==== Records shown ====
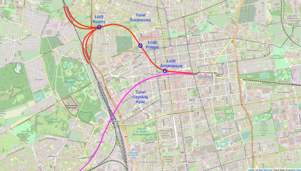 W maju 2025 roku, wydrążone były tunele jednotorowe połączenia; Łódź Fabryczna – Łódź Kaliska oraz Łódź Żabieniec. Przystąpiono do prac instalacyjnych i wykończeniowych. Największy z trzech przystanków osobowych na tej trasie, Łódź Koziny, będzie miał ruch pociągów prowadzony na dwóch poziomach. Montowano tutaj już perony. Na poziomie -1 będzie hol i trasy komunikacyjne. Przystanek osobowy Łódź Koziny będzie mieć 260 m długości i o około 75 m szerokości. Taka powierzchnia wymaga odpowiednich rozwiązań technicznych. Stropy poziomu -3 są wsparte na 75 filarach, a poziom -2 ma 40 filarów. Głębokość przystanku to 29 m, poniżej poziomu gruntu, a tory na poziomie 26 m. Do budowy przystanku wykorzystano 50 000 m sześciennych betonu. Tory będą ułożone na płytach betonowych i podtorzu. Prędkość w tuneli jest ograniczona do 80 km/h.
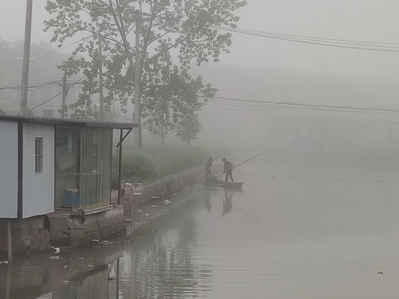 淮海农场有限公司因为与农村插花而居的现象,许多河道流经农场和农村,为了对这些河道的有序管理,农场和农村通过责任界定,对各个流经分管区域的河道加强水资源保护,全面落实最严格水资源管理制度,严守“三条红线”。同时还加强河道水域岸线管理保护,加强水污染防治,统筹水上、岸上污染治理,排查入河污染源,优化入河排污口布局。通过加大黑臭水体治理力度,确保流经农场农村的河道实现环境整洁优美、水清岸绿。图为位于农场一侧的六垛居委会的管护者,在浓雾中用船在清理风雨后飘落在河面上的垃圾。
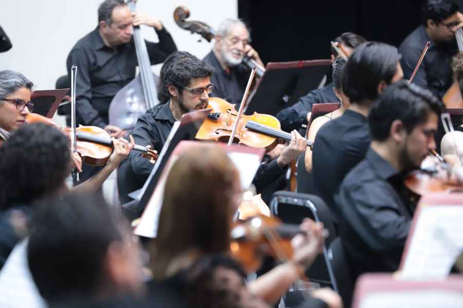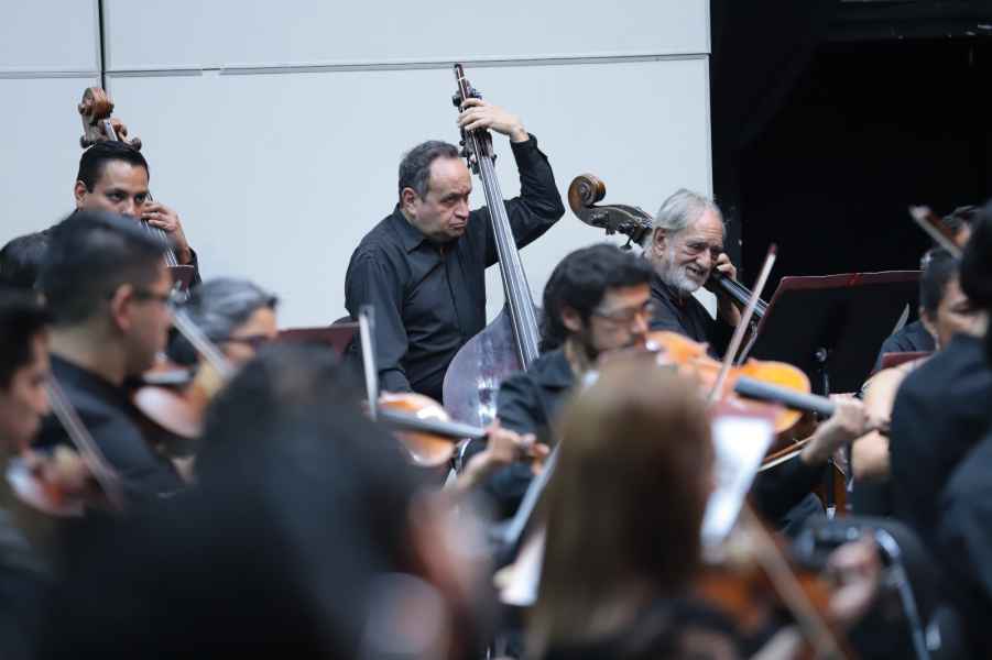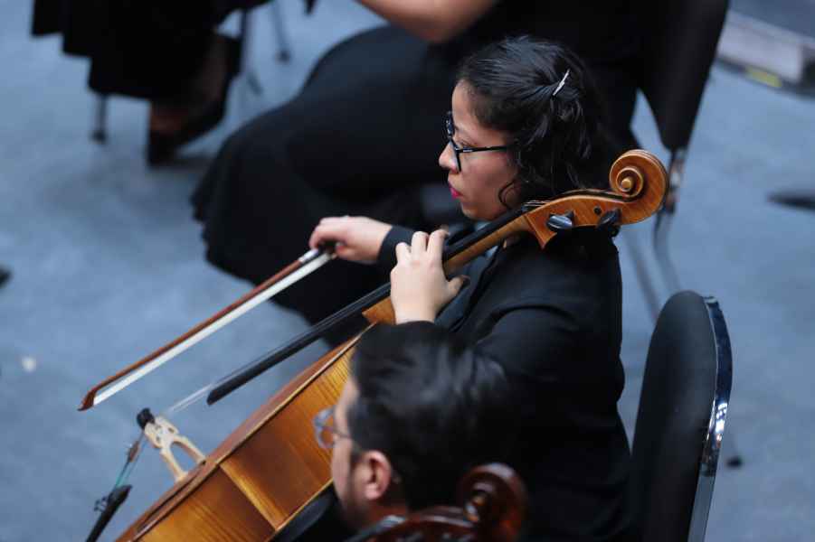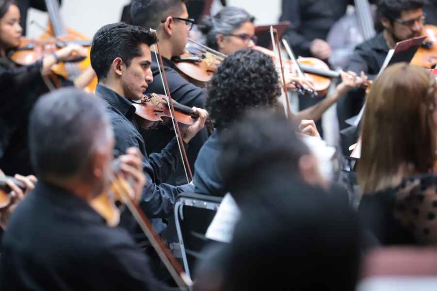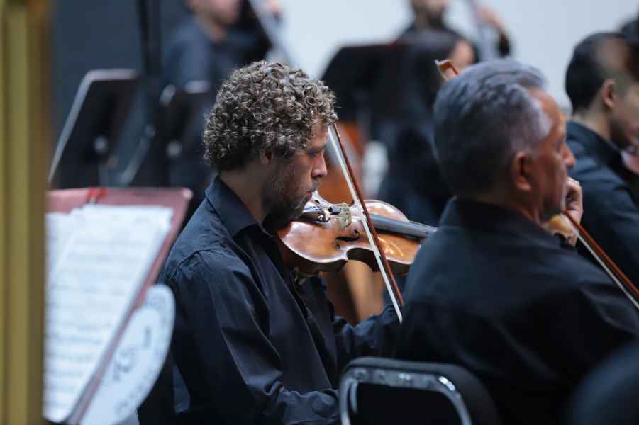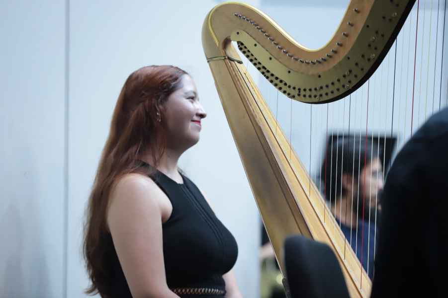 Sergio González quien funge como co-principal de la sección de segundos violines de la OSUG, se desempeñó como concertino de la gala e interpretó, junto a la arpista Alejandra de Ita López, la pieza “Summerland” de William Grant Still para sorpresa de las y los asistentes al evento.
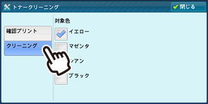 プリント結果を確認し、清掃が必要なトナーにチェックマークを付け、[クリーニング]を押します。
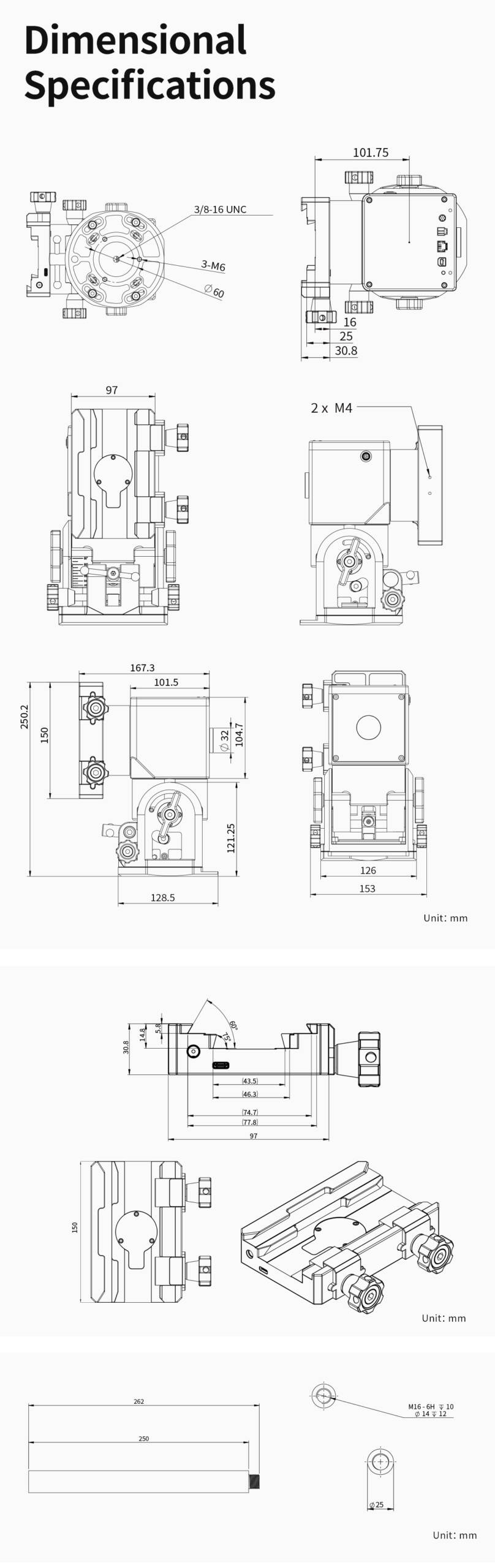 La molette de serrage de la queue d’aronde ainsi que la molette de réglage fin de l’azimut disposent d’une structure creuse. Lorsque la rotation manuelle devient limitée, il est possible d’y insérer une clé hexagonale afin d’obtenir un meilleur bras de levier, rendant les ajustements plus faciles, plus précis et plus fiables avec moins d’effort.
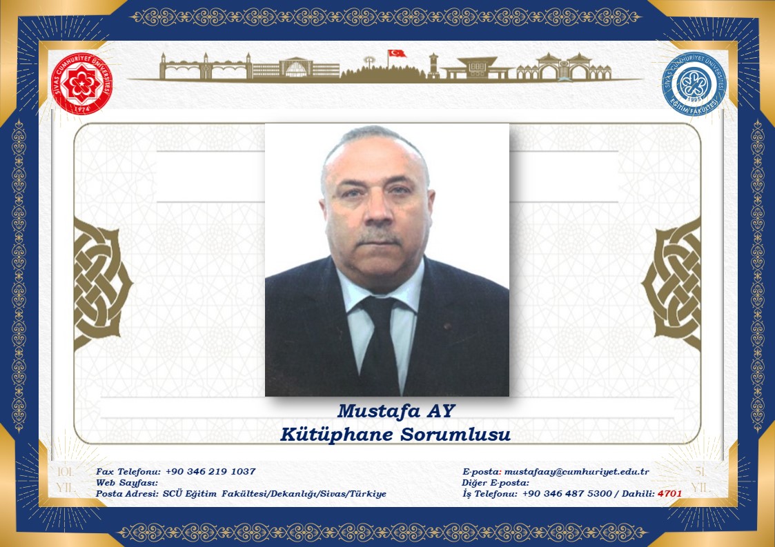 Dekanlık  Prof. Dr. Eyüp KEMERLİOĞLU Kütüphanesi    Mustafa AY 4701  mustafaay@cumhuriyet.edu.tr
====
Please return only the lines from the top of the data through the line with "淮海农场有限公司因为与农村插", exactly as written, and drop every picture.

 W maju 2025 roku, wydrążone były tunele jednotorowe połączenia; Łódź Fabryczna – Łódź Kaliska oraz Łódź Żabieniec. Przystąpiono do prac instalacyjnych i wykończeniowych. Największy z trzech przystanków osobowych na tej trasie, Łódź Koziny, będzie miał ruch pociągów prowadzony na dwóch poziomach. Montowano tutaj już perony. Na poziomie -1 będzie hol i trasy komunikacyjne. Przystanek osobowy Łódź Koziny będzie mieć 260 m długości i o około 75 m szerokości. Taka powierzchnia wymaga odpowiednich rozwiązań technicznych. Stropy poziomu -3 są wsparte na 75 filarach, a poziom -2 ma 40 filarów. Głębokość przystanku to 29 m, poniżej poziomu gruntu, a tory na poziomie 26 m. Do budowy przystanku wykorzystano 50 000 m sześciennych betonu. Tory będą ułożone na płytach betonowych i podtorzu. Prędkość w tuneli jest ograniczona do 80 km/h.
 淮海农场有限公司因为与农村插花而居的现象,许多河道流经农场和农村,为了对这些河道的有序管理,农场和农村通过责任界定,对各个流经分管区域的河道加强水资源保护,全面落实最严格水资源管理制度,严守“三条红线”。同时还加强河道水域岸线管理保护,加强水污染防治,统筹水上、岸上污染治理,排查入河污染源,优化入河排污口布局。通过加大黑臭水体治理力度,确保流经农场农村的河道实现环境整洁优美、水清岸绿。图为位于农场一侧的六垛居委会的管护者,在浓雾中用船在清理风雨后飘落在河面上的垃圾。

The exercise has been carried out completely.